When you issue a statement like that, the best you can hope for is that a reporter will focus on one point. The worst thing that can happen is they publish it in entirety, which is exactly what happened here. Yeah, publicity. It's seldom around when you need it to be and always around when you don't.



Anonymous said...

Paris THERE is a train wreck in the making. She is an american citizen like the rest of us and she pays for her deeds like the rest of us. I say RIGHT ON JUDGE for throwing her hiney back in jail. DID SHE LOOK PATHETIC or what going back to the pokey! They say there is no such thing as bad press...but in this case, people who already could not stand PARIS...really hate her now! I personally think that ORANGE is Paris' new FAB color fashion statement!

Rich on 6/11/07, 11:45 AM said...

You're very right. The irony in this case is that it wasn't her decision to be released (though it seems certain that she wanted it), but she seems to be catching most of, if not all of, the heat.

Unrelated to Paris, but equally pointed on statements, I could have done the same with Nina Tassler's show announcement. It started very strong (ended perfectly) but the statement gets a little lost in the middle.

The lesson here is to keep those statements on point without drifting too far off into opinion, marching orders, and mixed messages. The same thing happens in interviews. Interviewees start strong and then get lost when they feel a need to fill the silence.

They are in good company though. President Nixon did the same thing during a Watergate interview. Whoops!

Geoff_Livingston on 6/11/07, 1:08 PM said...

There's a time to communicate, and there's a time for silence. One must say that the best course for Paris at this point is to grin and bear it. Anything she does will only add fuel to the fire.

Rich on 6/11/07, 1:45 PM said...

Hey Geoff! Spot on right. Unfortunately, there is no chance of that...

"I used to act dumb. ... That act is no longer cute." — Paris Hilton to ABC

Sweet Tea on 6/11/07, 10:06 PM said...

Paris is a trainwreck now & although I couldn't stomach her from the beginning I surely can't stand her now. The only thing that bugs me worse is the way the media won't let go. TMZ seems enamored of her. Things like her situation get all over the press & they just won't let it go. Maybe you, Rich, could talk about that sometimes. Does the news really think we all love Paris or is it something else? Not enough news to report?
Great article as always.

Rich on 6/12/07, 6:27 AM said...

"Does the news really think we all love Paris or is it something else? Not enough news to report?"

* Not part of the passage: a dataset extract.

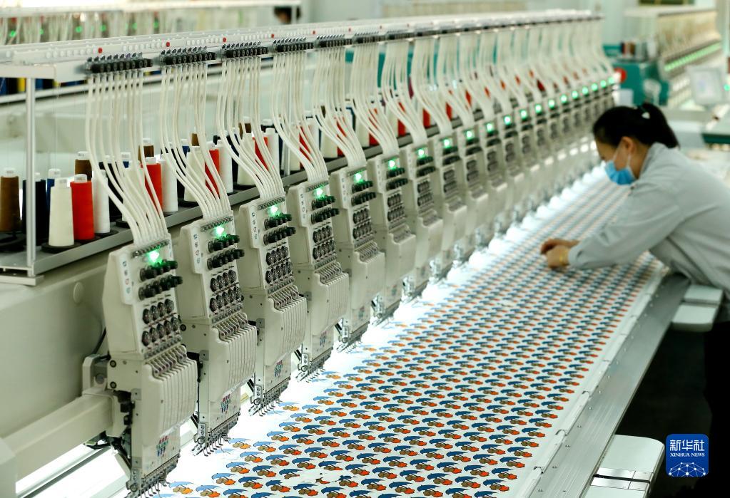 12月16日,青島市即墨區一家服裝繡花企業的工人在生產出口到海外市場的產品。

Great question; it deserves more insight than this, but for now, I'll share the short answer: for all apparent missteps in network entertainment, the network news (and all news for that matter) is very adept at giving viewers exactly what they want. Unfortunately, celebrity train wrecks are at the top of the list. So until viewers decide in mass not to tune into them, drive them into the top ten on search engines, or make the tabloids the largest circulated publications on the planet... then the networks will continue to deliver.